Why are government employees being considered as some sort of sacred cow? What many are feeling was summed up with a recent comment on the USAWatchdog.com site from “Chuck O.” He wrote, “I’ve retired after 44 years working. Throughout the entire period, I lived through no fewer than 10 lay-offs and cut-backs. I have yet to see any appreciable lay-off or cut-back in the federal work force (EVER). I feel it is about time “they” should take a “hit.” How about a 20% cut back on ALL salaries? “They” need to share in the austerity. We all should have the same insurance benefits, too. “Their” retirement program and health insurance is way out of line; cut it back. A 20% cut would be way better than NO PAY at all. 20 % could really help lower the debt. I’m really getting KILLED by this money printing. In the 12 years I’ve been retired, my dollars have lost more than 30 % of their purchasing power. Obama’s crew hasn’t a clue. My wife and I have BOTH had to go back to work at 70 years old.”

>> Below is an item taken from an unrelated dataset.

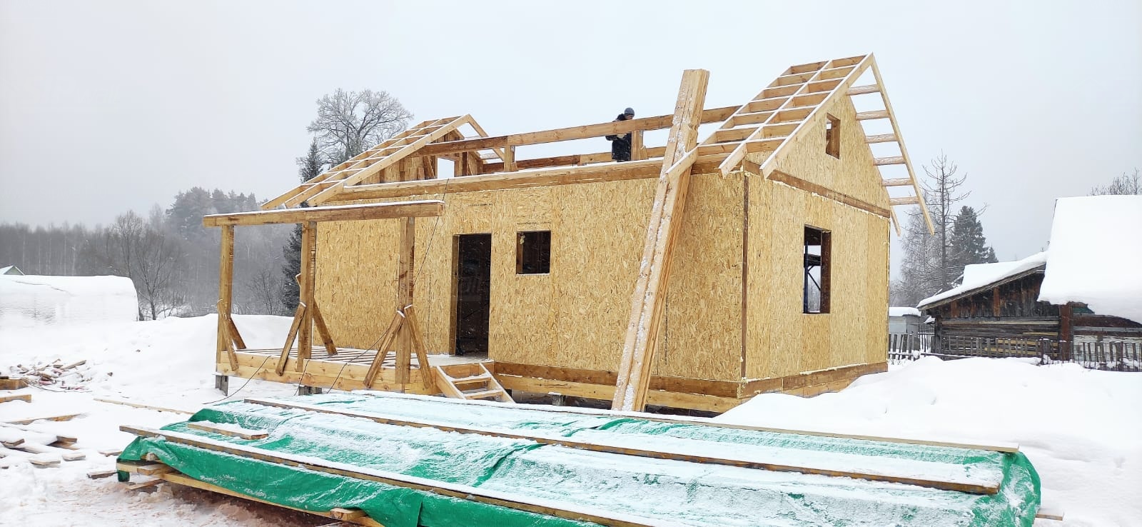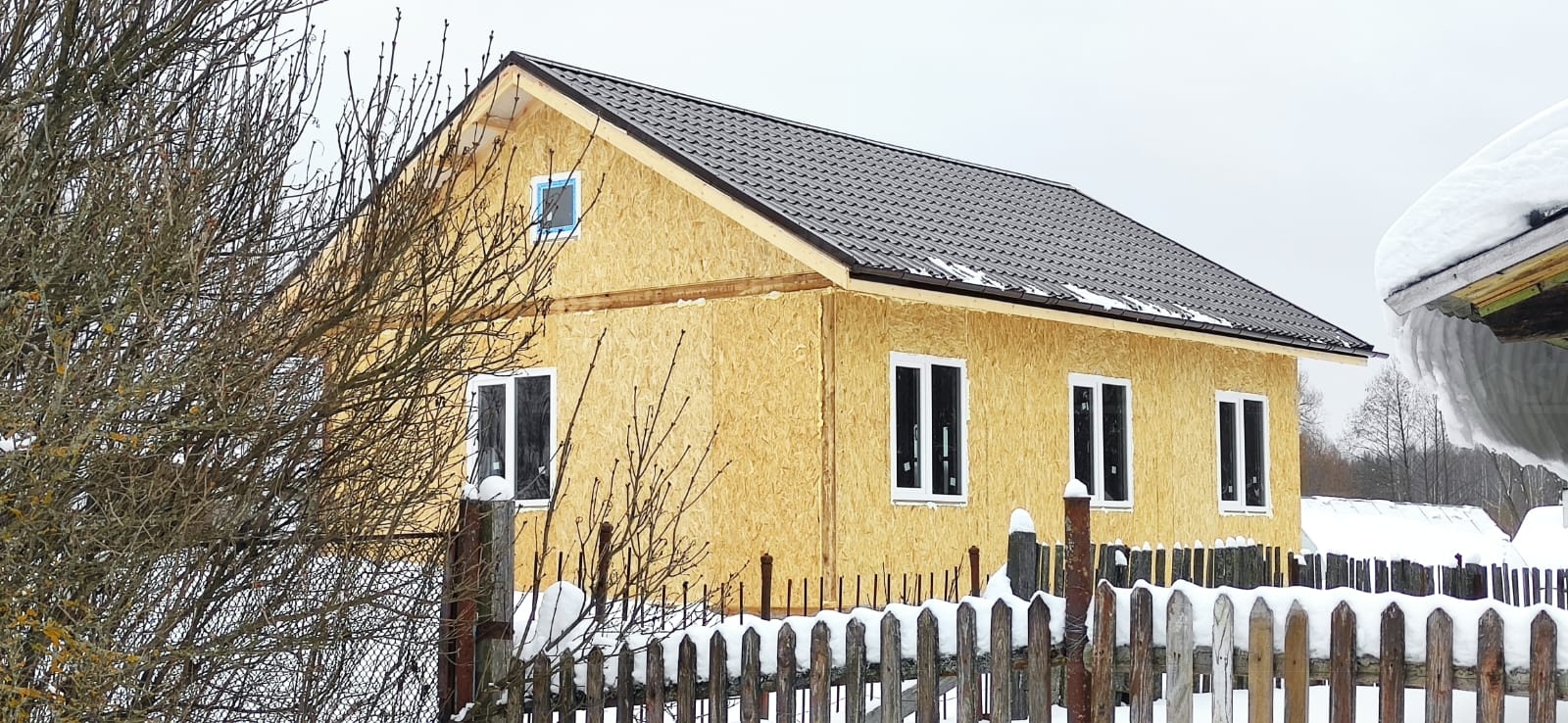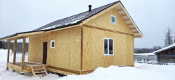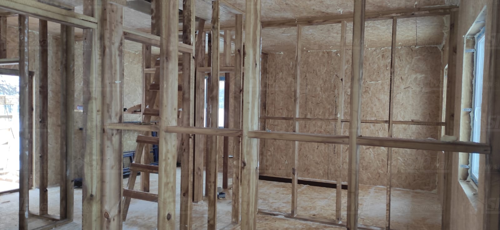 Все СИП панели SIPwall толщиной 224/174/124 мм (плиты OSB-3 толщиной 12 мм "Калевала" Россия и фасадный пенополистирол ППС-14 толщиной 200/150/100 мм производства, Россия) нарезаны и обрусованы сухим строганным брусом камерной сушки в соответствии с проектной документацией.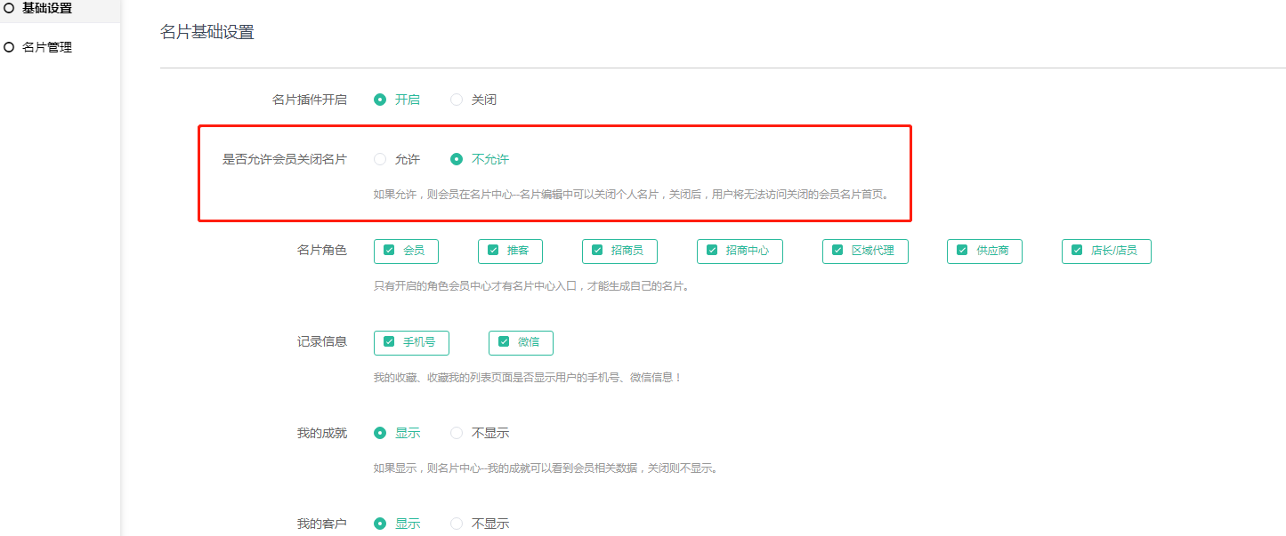 2,是否允许会员关闭名片:

With foreigners increasingly shunning Treasuries and the dollar, the only way to keep all those government jobs is to raise taxes on the private sector or print money. The Republicans caved on tax increases at the beginning of the year, so that option is closed. Now, we are left with the Federal Reserve’s “open-ended” money printing operation that creates $85 billion a month out of thin air. A little more than half of that amount ($45 billion) goes to buy Treasury bonds to finance the federal government. The rest ($40 billion) goes to the continued banker bailout that buys their sour (and I think fraudulent) mortgage debt. The money printing is what’s causing Chuck O’s “30%” loss in purchasing power for his retirement dollars. As the money printing continues, the buck will buy less and less.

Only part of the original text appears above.